__EXERCISE DATA__:
------------------------------------------------------------
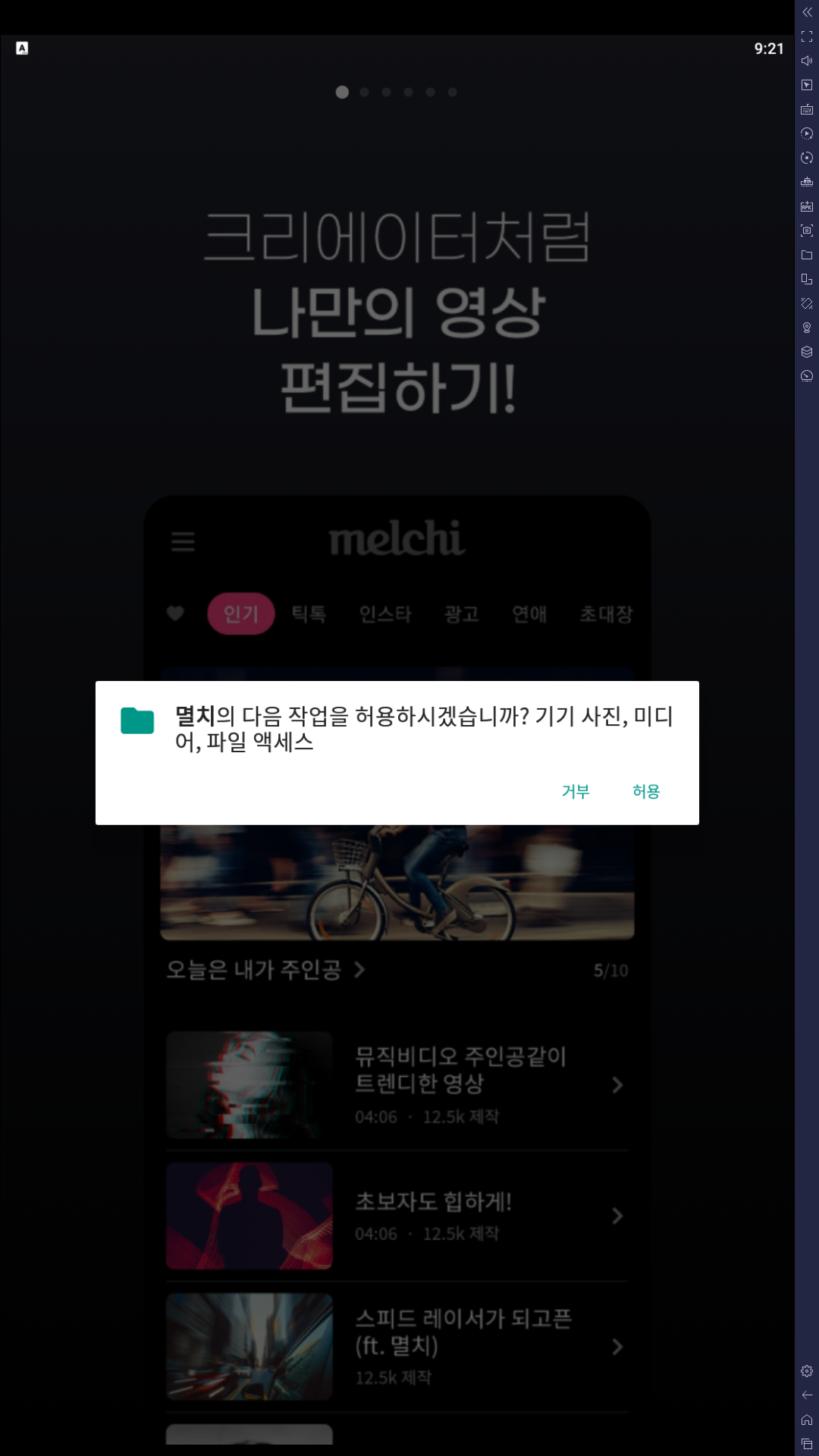처음 실행하면 멸치 앱에서 갤러리의 영상/사진 및 기타 파일을 저장할 수 있도록 폴더의 접근권한 요청을 하며, 모두 허용하면 됩니다.
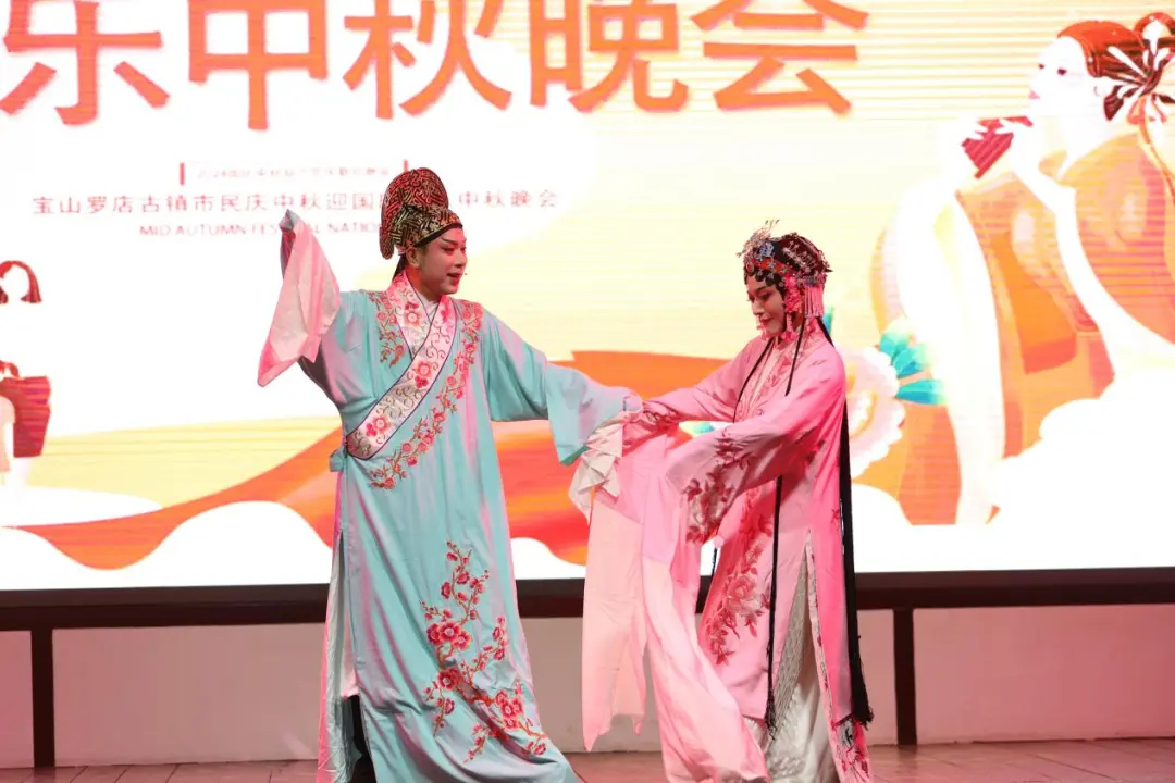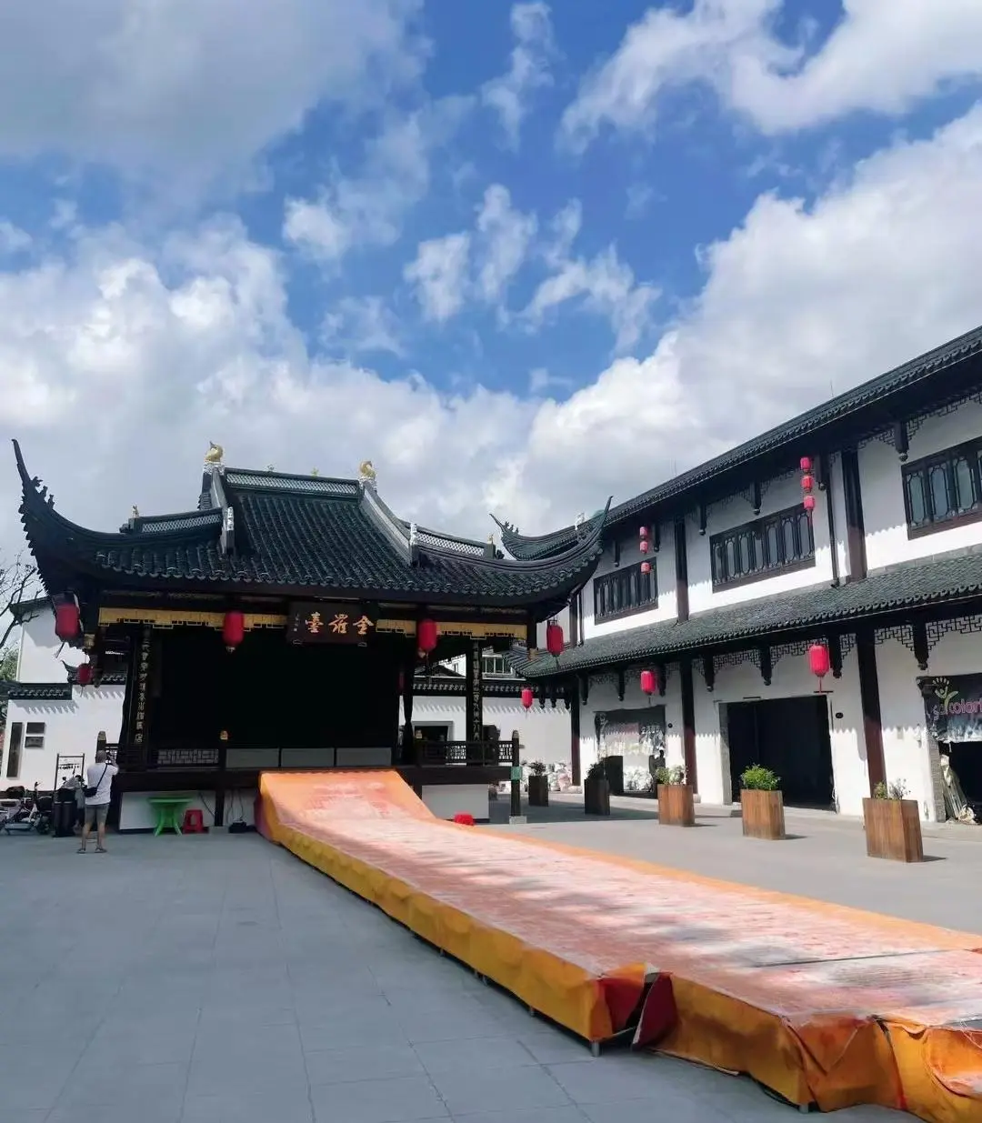 坐西面东居亭前广场中央的“金罗台”,完全仿江南古戏台样式而作,台内檐柱丹漆,四翼远伸高翘,一条长18米的T台,上邀戏曲名家和爱乐百姓共同登台,吹拉弹唱演绎古镇700年丰厚底蕴。
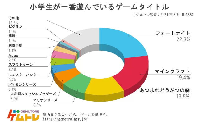 在2021年5月的調查上觀之,多平台《要塞英雄》22.1%連續兩年衛冕成功,《我的世界》17%和《集合啦!動物森友會》14.1%則位居二三名次,其他零碎的任天堂遊戲:《皮克敏》13.5%《明星大亂鬥》5.9%、《寶可夢》3.9%、《馬力歐系列》8.2%、《斯普拉遁系列》1.6%加起來則不容小覷。
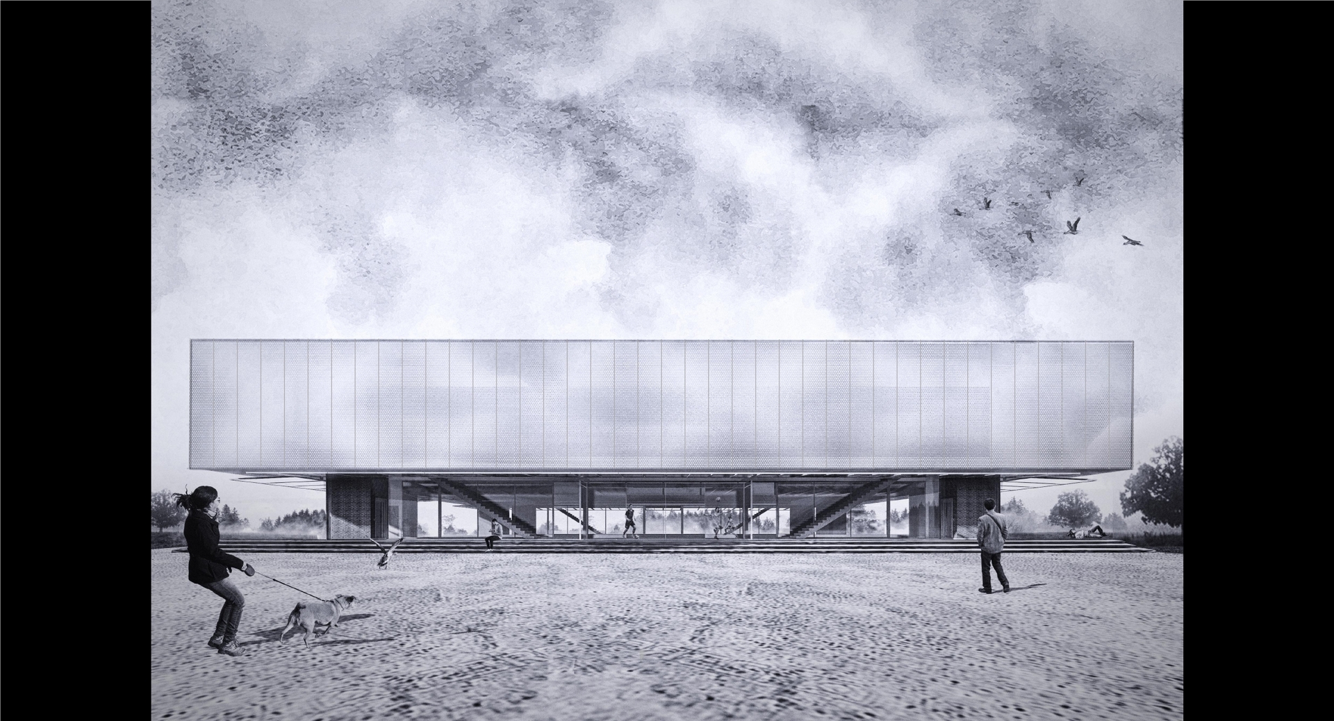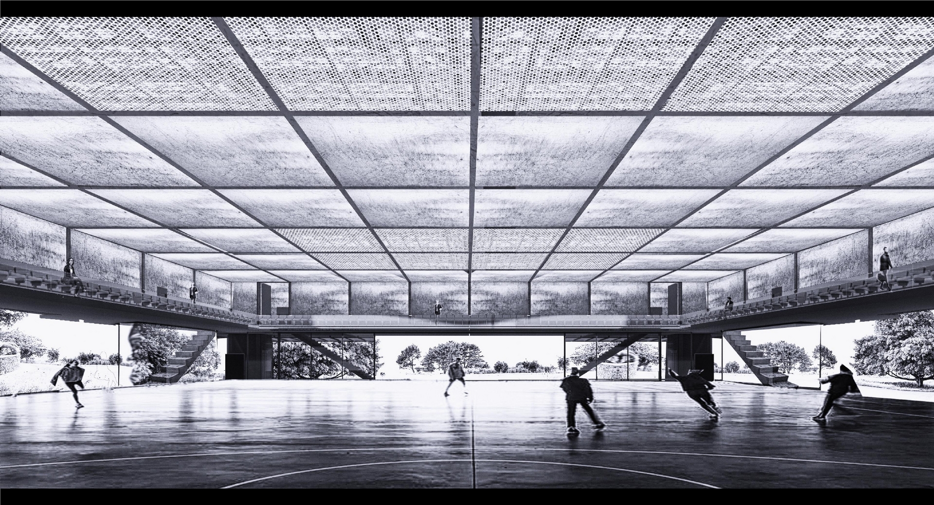 Lebdeći kubus dvorane, kojeg nosi čelična prostorna rešetka, natkriva 'otvoreni' sportski trg prizemlja. Pomoću rotirajuće - podiznih staklenih stijena trg se zimi pretvara u unutarnji prostor dvorane, a ljeti postaje vanjsko igralište povezano sa okolnim krajolikom.
------------------------------------------------------------
__WORK TO BE COMPLETED__: Extract the full listing exactly, with the pictures left out.

__THE ANSWER__:
처음 실행하면 멸치 앱에서 갤러리의 영상/사진 및 기타 파일을 저장할 수 있도록 폴더의 접근권한 요청을 하며, 모두 허용하면 됩니다.
 坐西面东居亭前广场中央的“金罗台”,完全仿江南古戏台样式而作,台内檐柱丹漆,四翼远伸高翘,一条长18米的T台,上邀戏曲名家和爱乐百姓共同登台,吹拉弹唱演绎古镇700年丰厚底蕴。
 在2021年5月的調查上觀之,多平台《要塞英雄》22.1%連續兩年衛冕成功,《我的世界》17%和《集合啦!動物森友會》14.1%則位居二三名次,其他零碎的任天堂遊戲:《皮克敏》13.5%《明星大亂鬥》5.9%、《寶可夢》3.9%、《馬力歐系列》8.2%、《斯普拉遁系列》1.6%加起來則不容小覷。
 Lebdeći kubus dvorane, kojeg nosi čelična prostorna rešetka, natkriva 'otvoreni' sportski trg prizemlja. Pomoću rotirajuće - podiznih staklenih stijena trg se zimi pretvara u unutarnji prostor dvorane, a ljeti postaje vanjsko igralište povezano sa okolnim krajolikom.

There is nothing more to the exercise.